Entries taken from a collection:
BEGIN

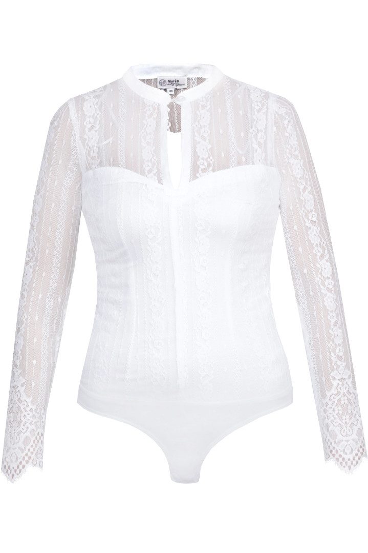 Dieser märchenhafte, hochgeschlossene Blusenbody Lavita-Madlenka in Weiß besteht aus wundervoller, floraler Ornamentik-Tüllspitze im Streifen-Design und ist feminin geschnitten. Der dezente, innen angenehm mit Baumwollstoff gefütterter Stehkragen ziert außen ein Spitzenbesatz. Vorn wird der Kragen mit einem kleinen Knopf geschlossen und darunter befindet sich ein betörender, schmaler Ausschnitt. Das blickdichte Jersey-Futter beginnt vorn mit einem sexy Herzausschnitt sowie hinten mit einem leicht abgerundeten Ausschnitt. Die Bündchen der durchsichtigen, langen Ärmel sind im Ornamentik-Stil gestaltet und enden mit edlen Fransen. Die Höschenpartie besteht aus bequemem Jersey-Material und hat einen Druckknopfverschluss im Schritt. Das Höschen sorgt zusammen mit dem Futter für einen fantastischen Tragekomfort und einen perfekten Sitz des Bodys. Kombinieren kann man diese stilvolle Bodybluse herrlich zu Trachtenjeans, Lederhose oder Trachtenrock.
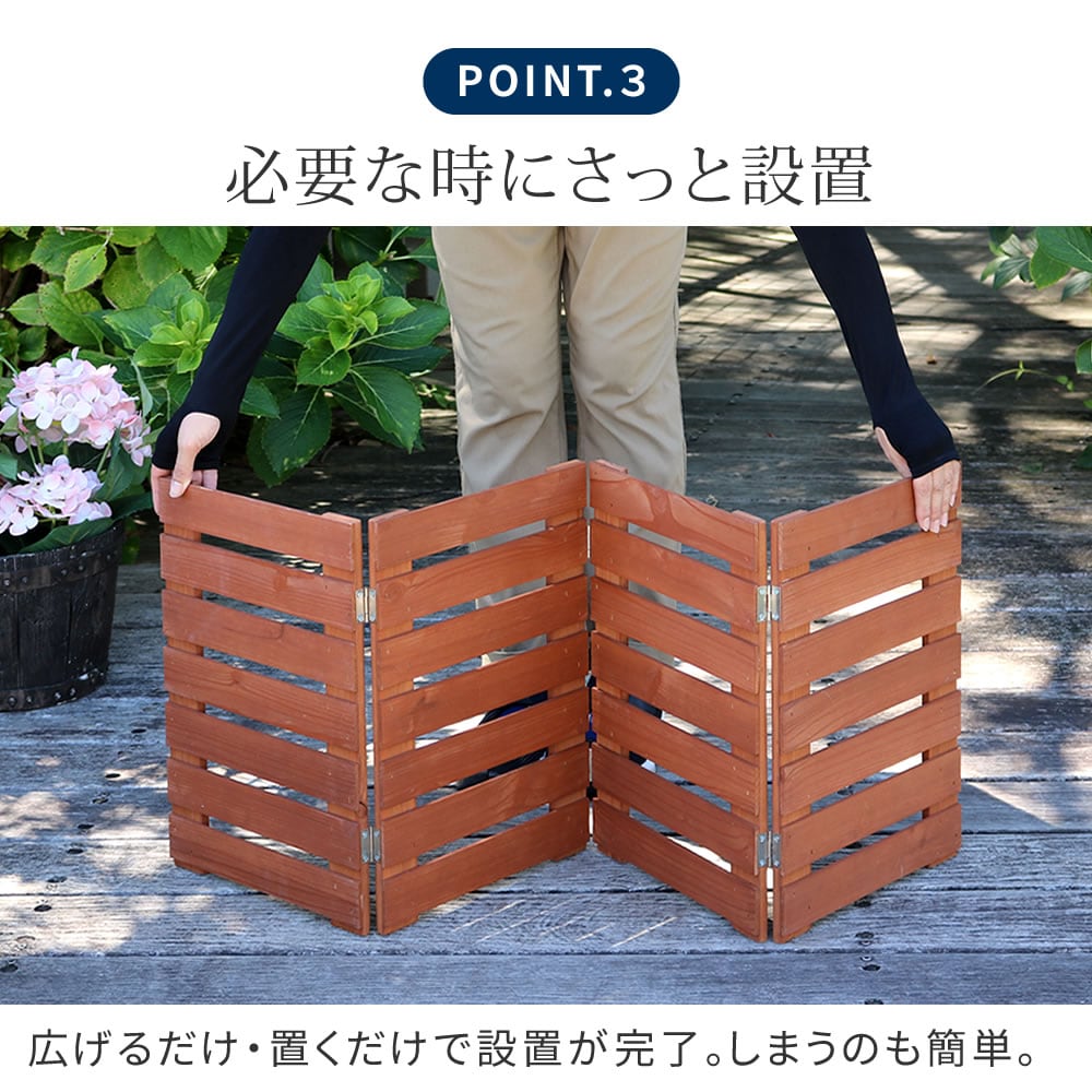 折り畳み式で、好きな時に出して、コンパクトに収納できる便利な木製フェンス2枚セットです。
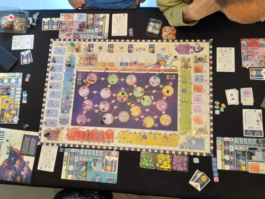 La première chose à dire au sujet de Transgalactica, c’est que cet Eurogame risque, selon moi, de diviser fortement. D’abord à cause de son design, pour le moins flashy et un brin déroutant, qui ne fera clairement pas l’unanimité. Ensuite, il faut reconnaître que son auteur, Daniele Tascini, figure bien connue du monde ludique, reste un personnage controversé — non pas pour ses créations, toujours saluées, mais pour certains de ses propos passés…Mais le point le plus problématique reste sans doute son livret de règles, qui, disons-le franchement, est un échec complet. Et pour un Eurogame du calibre de Transgalactica, cela constitue un vrai handicap. Face aux critiques légitimes des joueurs, un second livret de règles a heureusement vu le jour en ligne, suivi d’une FAQ indispensable pour lever les dernières zones d’ombre… Cela dit, pour certains, cette entrée en matière laborieuse sera tout simplement rédhibitoire, et on ne peut guère leur en vouloir.C’est d’autant plus regrettable que derrière cette couche de frustration initiale, Transgalactica révèle un jeu d’une richesse remarquable. On y retrouve toute la saveur des « T games », comprenant des titres majeurs comme Tzolk’in, Marco Polo, Teotihuacan, Trismegistus, Tekhenu, Tabannusi ou encore Tiletum. Bref, si l’on prend le temps de dépasser les obstacles initiaux, Transgalactica s’impose comme un excellent Eurogame, malheureusement desservi par des choix éditoriaux discutables.
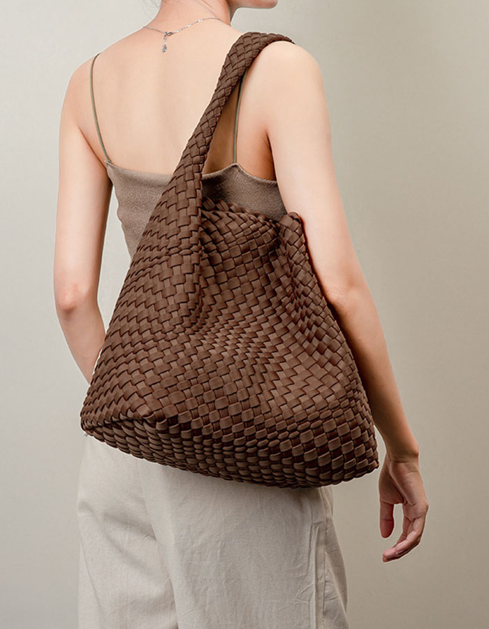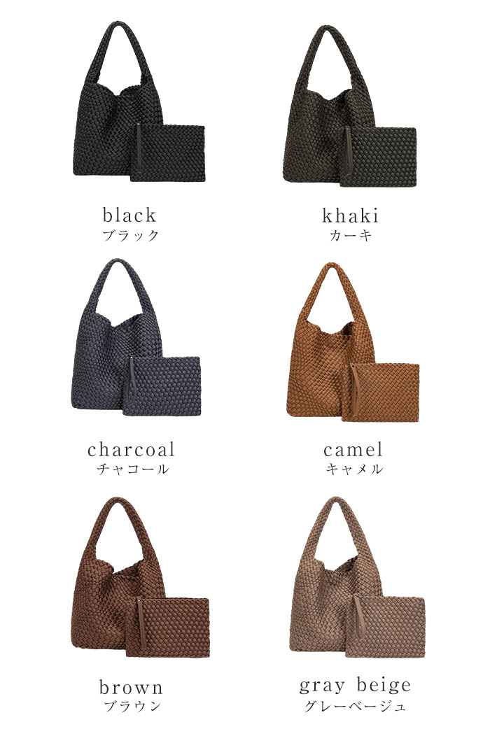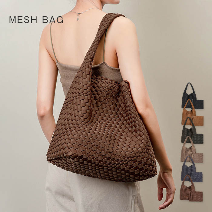 トートバッグ レディース ネオプレン メッシュ 編み込み ポーチ付き バッグインバッグ イントレチャート 肩掛け ダイバー素材 大人 シンプル 通勤 通学 大容量 撥水 軽量 通勤バッグ 夏バッ 軽い
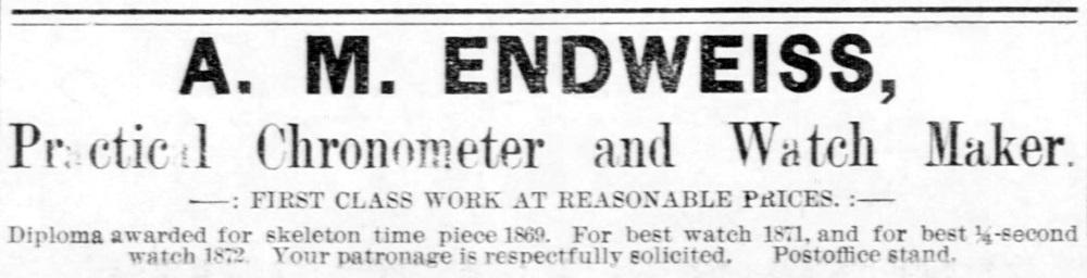 An advertisement for A. M. Endweiss’s new watch business in Emporia, Kansas. [Image from the Emporia Evening News, Oct. 14, 1887.]
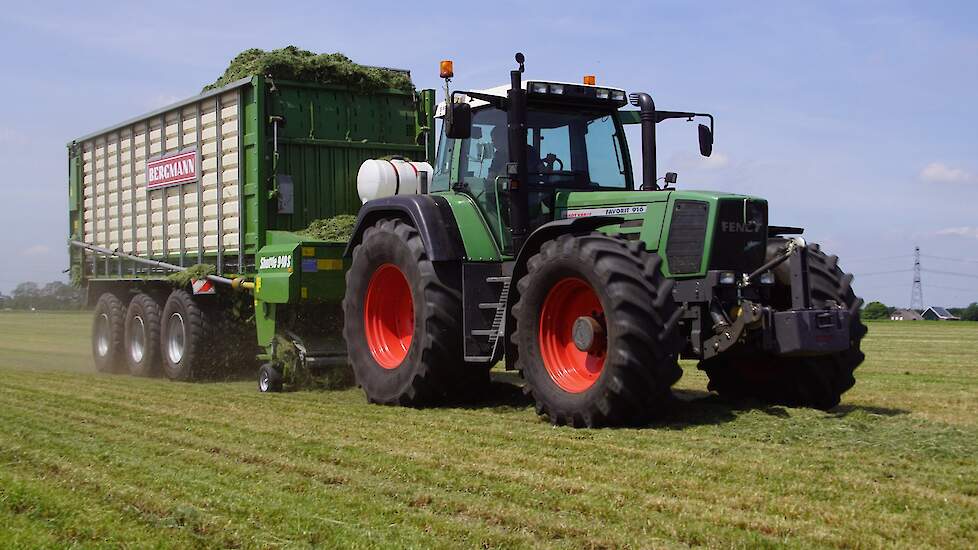 fendt favorit 916 met een bergman shuttle 940 S gras oprapen
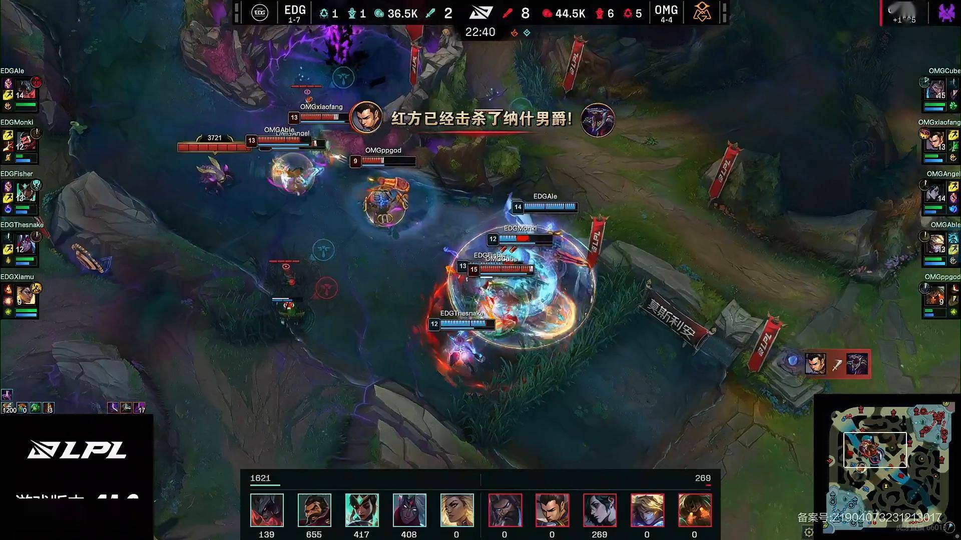 OMG继续进攻,利用Poke消耗,推掉EDG中路高地,有将EDG中上击杀,OMG直接选择一波拿下第一局比赛胜利。
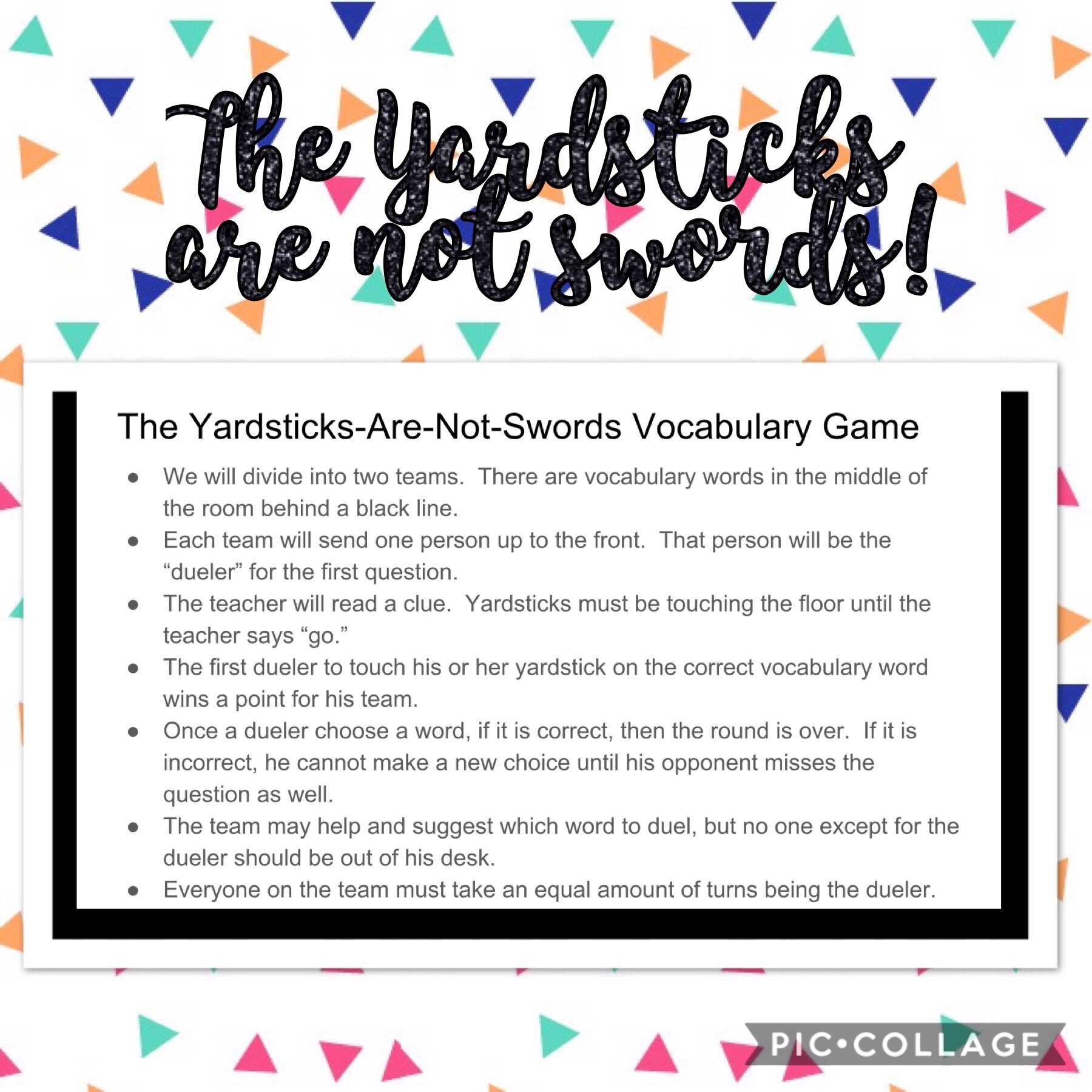 To play the game, divide the class into two large groups, and have each team send up one “dueler.” The yardstick-is-not-a-sword must remain tip down on the floor until the clue has been read and the teacher says the magic word “go.”
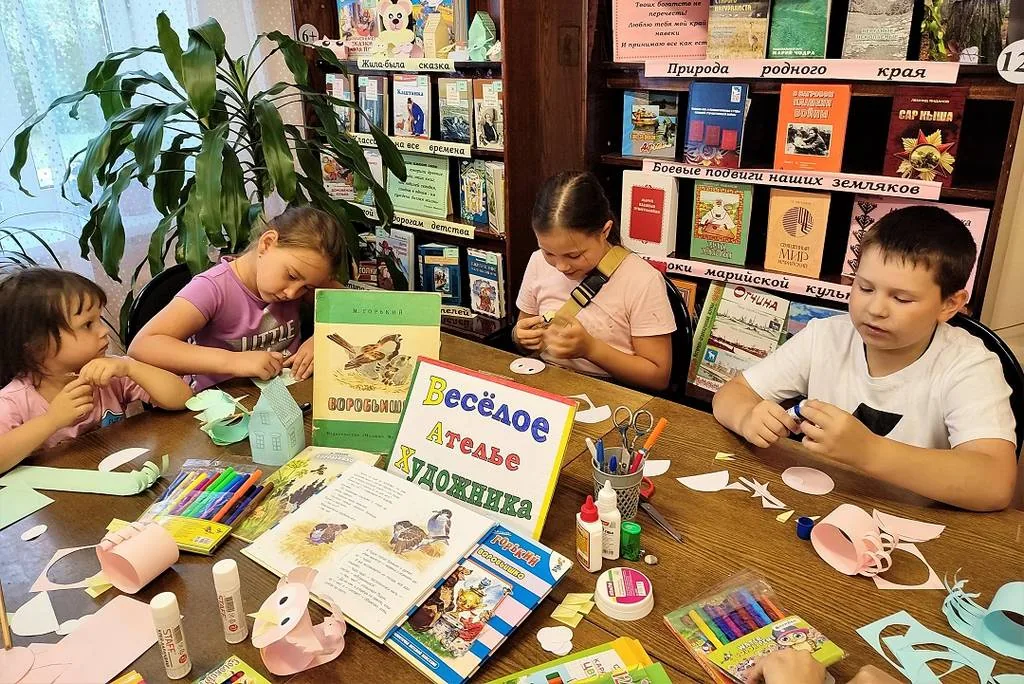 В библиотеке-филиале №19 в рамках программы летнего чтения «Книжная улыбка лета» и городского проекта «Летом! Вместе! Всем двором!» в летней мастерской «Веселое Ателье Художника» для детей прошел мастер-класс «Воробьишко Пудя».
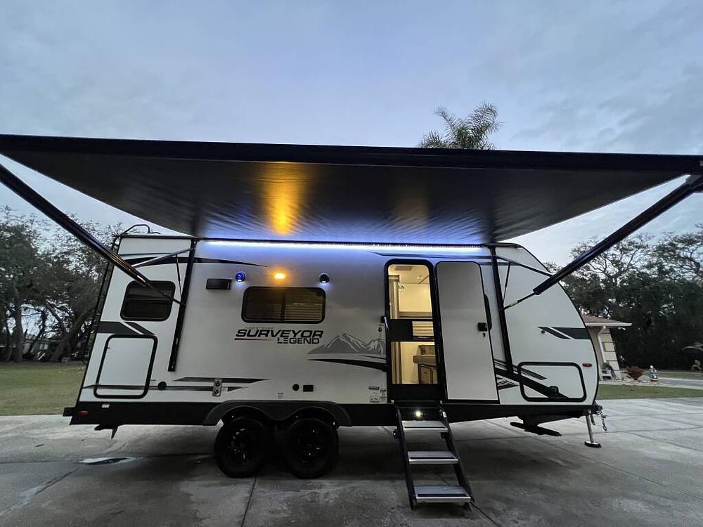 Forest River Surveyor Legend 24ft. We have to let it go.... We shopped for months before deciding on this Surveyor's floorplan. We are lifetime RVr's and knew what we wanted in a well-designed travel trailer. At just over 24ft. and at 5K lbs, it meets the length limits at most parks and is a breeze to tow. We used the trailer only 3 times within Calif., so it was never driven on road salt like in many states. We kept it covered until last week and now have it up for sale. This is the rare floorplan with extended counters, a full bath, large fridge, large dinette slide room (nite bed) and a full 3 person couch or pull-down full sized queen Murphy. I had $3K of custom additions done to include: *New entry step added (dirt stays out), *new white dinette awning added to slide room roof, *2-new high-end MaxFan w/remote ceiling exhaust units for front and bath, *new Sony smart TV, *new full queen mattress, *new wardrobe open-door lighting, *added USB ports and night lights in both queen bed cubbies. I'll include the E2 distribution hitch system, full brake controller, plus all required new hoses, new rear Shark camera, power shore cords, etc.. I just replace the 2 marine deep cycle batteries and the tires are perfect with no cracks.

END

Without the pictures, write out the lines from the beginning of the entries through the line with "折り畳み式で、好きな時に出し".

 Dieser märchenhafte, hochgeschlossene Blusenbody Lavita-Madlenka in Weiß besteht aus wundervoller, floraler Ornamentik-Tüllspitze im Streifen-Design und ist feminin geschnitten. Der dezente, innen angenehm mit Baumwollstoff gefütterter Stehkragen ziert außen ein Spitzenbesatz. Vorn wird der Kragen mit einem kleinen Knopf geschlossen und darunter befindet sich ein betörender, schmaler Ausschnitt. Das blickdichte Jersey-Futter beginnt vorn mit einem sexy Herzausschnitt sowie hinten mit einem leicht abgerundeten Ausschnitt. Die Bündchen der durchsichtigen, langen Ärmel sind im Ornamentik-Stil gestaltet und enden mit edlen Fransen. Die Höschenpartie besteht aus bequemem Jersey-Material und hat einen Druckknopfverschluss im Schritt. Das Höschen sorgt zusammen mit dem Futter für einen fantastischen Tragekomfort und einen perfekten Sitz des Bodys. Kombinieren kann man diese stilvolle Bodybluse herrlich zu Trachtenjeans, Lederhose oder Trachtenrock.
 折り畳み式で、好きな時に出して、コンパクトに収納できる便利な木製フェンス2枚セットです。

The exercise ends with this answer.